I don’t know if you know, I have buggered up my back again and am spending a fair amount of time recovering in bed, but what you may not know is that there is a big financial loss associated during any recovery time. Because my injury has now been over 12 months, and due to workcover laws in this state, I receive a statutory weekly limit which is reduced by any work that I may be able perform. Suffice to say, my fortnightly take home pay has been cut by 48%. So, pretty drastic measures have now come into play in our budget.
We have had to cancel the extra money we were putting on our mortgage (attempting to get ahead so I can semi-retire earlier), and the money we were saving to buy our hybrid car at the end of the lease in October has come to a screaming halt. We are going to have to redraw from the mortgage to afford it now, which is something I really didn’t want to do.
Everything else is on hold, however we took on a fortuitous challenge last month (before the injury) to see if we could stick to $100 a week to feed a family of 4. Well, the great news is that for the last three weeks we have achieved this goal. Eggs from the chooks, veggies from the garden and frugal grocery shopping have saved the day. We even had $3.50 spare last week. We still receive our $40 sanity money, which is a trick I learnt from Anita Bell’s great series of books. I use mine to by the odd bottle of wine and milk for cheese making, and Kim manages to hold on to most of hers so that she can by craft goodies. Megan pays me rent which equates to about $20 a months which is just enough to pay for the chicken feed so that is covered.
So, so far so good. I am glad interest rates are low or we would be in a bit of a pickle. We are able to cover the mortgage and all other bills, and of course our energy bills are minimal. Gardening will be a bit of a struggle for a few weeks but I am sure I can muster the energy or get help from one of the kids to plant out seeds for tomatoes and other plants that need to be planted in punnets.
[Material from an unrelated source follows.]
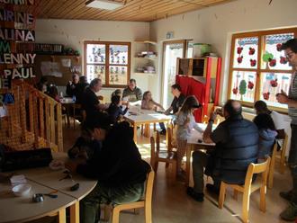 Nach getaner Arbeit waren alle großen Bastelmeister noch zum Kaffeetrinken eingeladen und für die kleinen Bastelmeister stand Wasser bereit.

Kim is doing a stirling job juggling the budget and looking after me, and we have been keeping each other emotionally strong, with a little sob now and then which helps get us through. But then we snap out of it and realise that it could be much, much worse and that at least I am able to do 20 hours of work a week to keep the bills paid and a roof over our head. I feel quite opptimistic that this relapse will heal quickly, so I should be able to ramp up my hours in September to something a little more reasonable. Until that time though, I will rest as instructed and keep taking the happy drugs that keep the back and leg pain at bay and keep busy buy writing posts to keep me occupied when I am not working in the afternoons. It is amazing what you can do with a laptop in bed! The world is your oyster.
The point of the post is not to gain sympathy, but it is to show that when hard times hit, that we have put in the hard yards and planned ahead, then there is no hurdle to high to jump over for us. Simple, Frugal and Sustainable living has helped us in the past, and will most certainly help us in many years to come.